▽

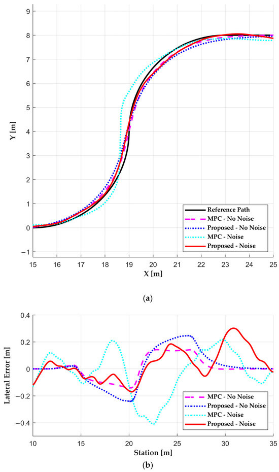 - Hang, P.; Chen, X.; Luo, F. LPV/H∞ controller design for path tracking of autonomous ground vehicles through four-wheel steering and direct yaw-moment control. Int. J. Automot. Technol. 2019, 20, 679–691. [Google Scholar] [CrossRef]
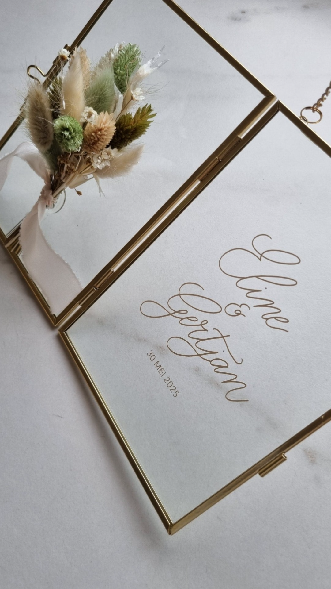 Welke tekst wens je op de frame? Mogelijk opties: namen, initialen, datum, korte quote.
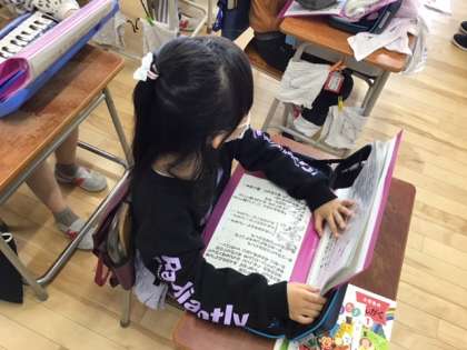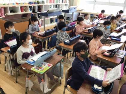 音楽の時間です。「ありがとうの花」すてきな歌詞ですね。
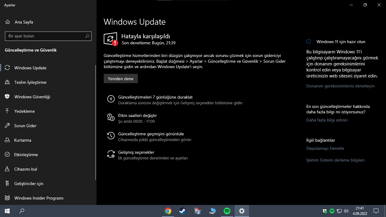 Windows Update'e tekrar girip, güncelleştirmeleri duraklat deyin. Daha sonra duraklatmayı kaldırın. Tuhaf bir çözüm seçeneği gibi gözükebilir ancak işe yarayabilir.
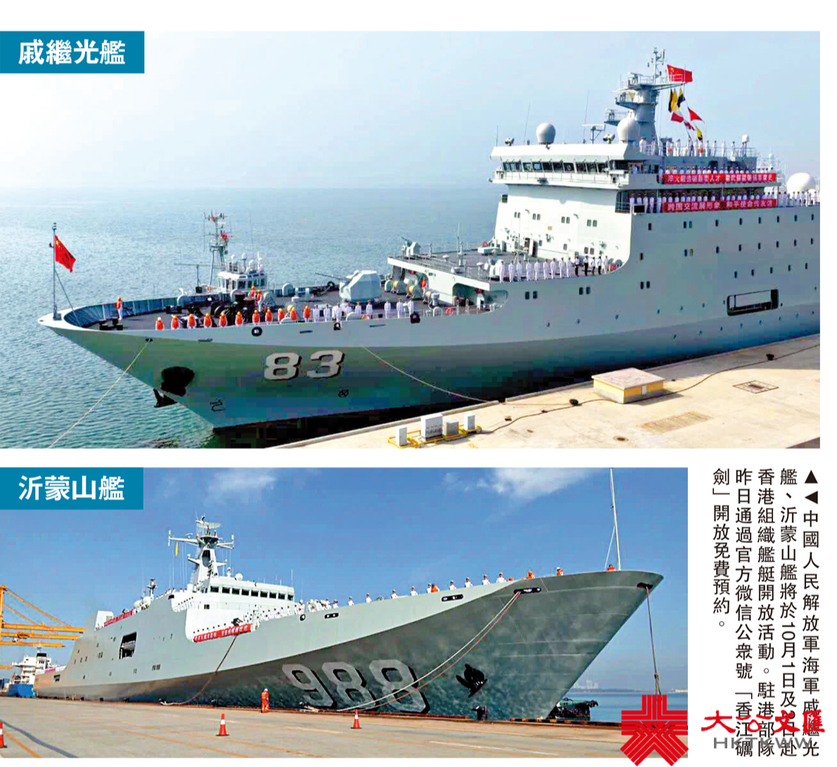海軍戚繼光艦(舷號83)是我國自主設計建造的大型海軍訓練艦,滿載排水量約9000餘噸,是海軍噸位最大現代化水平最高的專業訓練艦。而海軍沂蒙山艦(舷號988)屬071型船塢登陸艦,正常排水量約19000餘噸,具有噸位大、裝載能力強續航里程遠等突出特點。可擔負快速、立體、機動登陸作戰,可執行輸送救災物資,提供醫療救援等使命任務。

△

**Exercise details**
Look through the material above. Transcribe exactly the lines between the ones with "Welke tekst wens" and "Windows Update'e tekrar", inclusive, and keep pictures out.

**Answer section**
 Welke tekst wens je op de frame? Mogelijk opties: namen, initialen, datum, korte quote.
 音楽の時間です。「ありがとうの花」すてきな歌詞ですね。
 Windows Update'e tekrar girip, güncelleştirmeleri duraklat deyin. Daha sonra duraklatmayı kaldırın. Tuhaf bir çözüm seçeneği gibi gözükebilir ancak işe yarayabilir.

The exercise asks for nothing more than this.